● **Work item**
Restate the listing below line for line and word for word, without the pictures.

Given data section start

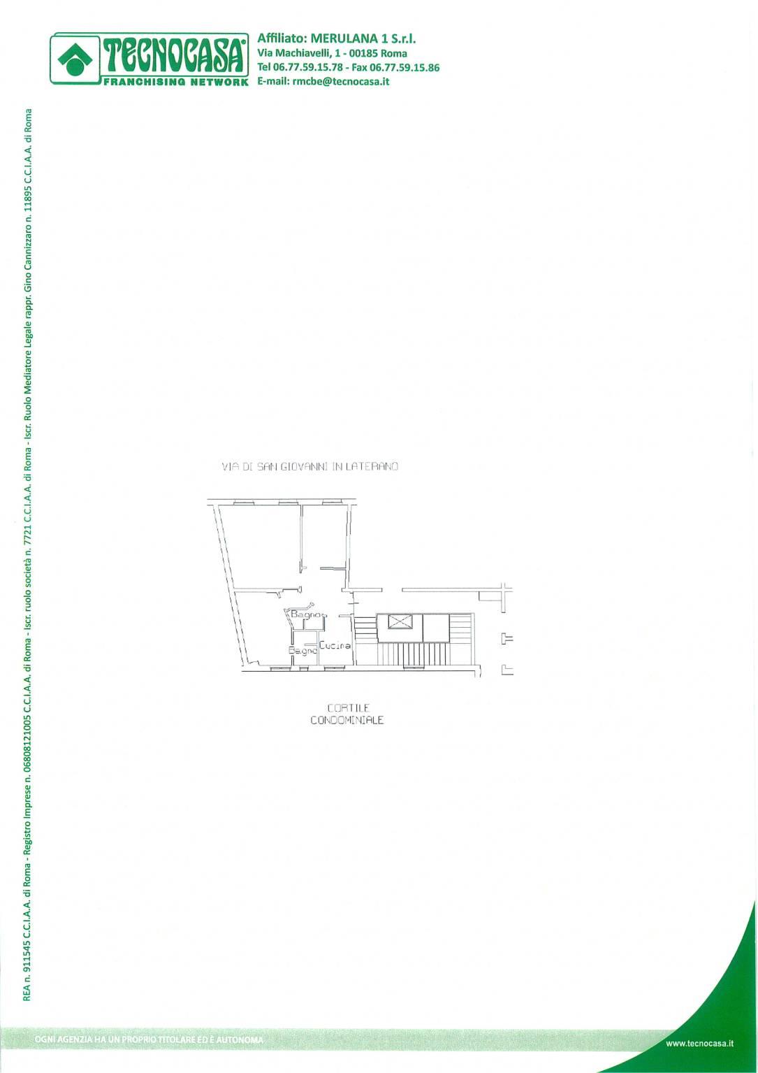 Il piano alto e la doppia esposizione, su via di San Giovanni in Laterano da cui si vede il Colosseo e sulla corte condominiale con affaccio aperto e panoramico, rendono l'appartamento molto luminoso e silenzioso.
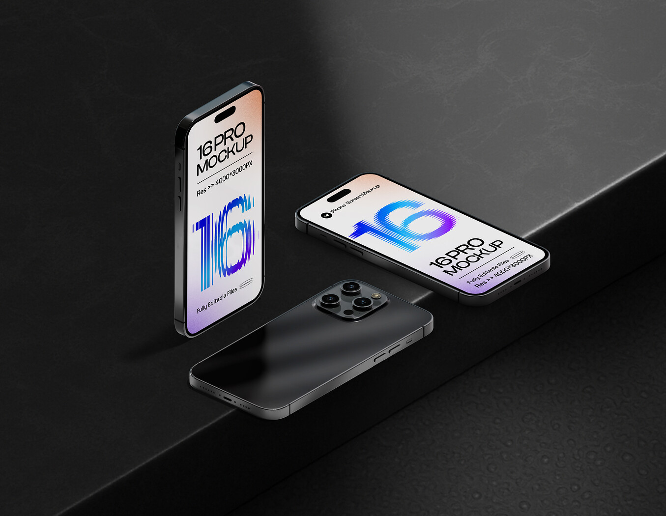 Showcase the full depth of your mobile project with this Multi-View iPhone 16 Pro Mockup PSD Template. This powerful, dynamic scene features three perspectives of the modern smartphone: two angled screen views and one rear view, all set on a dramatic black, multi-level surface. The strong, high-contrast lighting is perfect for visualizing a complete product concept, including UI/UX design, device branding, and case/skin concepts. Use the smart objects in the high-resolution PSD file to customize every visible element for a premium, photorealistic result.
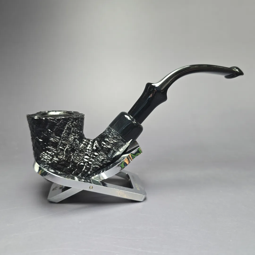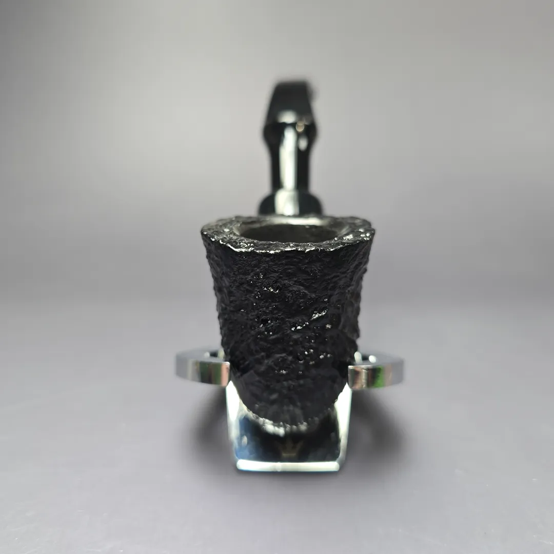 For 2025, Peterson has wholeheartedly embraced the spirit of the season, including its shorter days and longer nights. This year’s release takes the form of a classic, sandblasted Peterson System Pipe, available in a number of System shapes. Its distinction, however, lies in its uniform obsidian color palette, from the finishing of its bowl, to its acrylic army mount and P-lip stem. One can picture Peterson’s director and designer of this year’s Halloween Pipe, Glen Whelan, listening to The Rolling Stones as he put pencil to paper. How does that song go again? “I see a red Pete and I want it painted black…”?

Given data section end

● **Answer area**
 Il piano alto e la doppia esposizione, su via di San Giovanni in Laterano da cui si vede il Colosseo e sulla corte condominiale con affaccio aperto e panoramico, rendono l'appartamento molto luminoso e silenzioso.
 Showcase the full depth of your mobile project with this Multi-View iPhone 16 Pro Mockup PSD Template. This powerful, dynamic scene features three perspectives of the modern smartphone: two angled screen views and one rear view, all set on a dramatic black, multi-level surface. The strong, high-contrast lighting is perfect for visualizing a complete product concept, including UI/UX design, device branding, and case/skin concepts. Use the smart objects in the high-resolution PSD file to customize every visible element for a premium, photorealistic result.
 For 2025, Peterson has wholeheartedly embraced the spirit of the season, including its shorter days and longer nights. This year’s release takes the form of a classic, sandblasted Peterson System Pipe, available in a number of System shapes. Its distinction, however, lies in its uniform obsidian color palette, from the finishing of its bowl, to its acrylic army mount and P-lip stem. One can picture Peterson’s director and designer of this year’s Halloween Pipe, Glen Whelan, listening to The Rolling Stones as he put pencil to paper. How does that song go again? “I see a red Pete and I want it painted black…”?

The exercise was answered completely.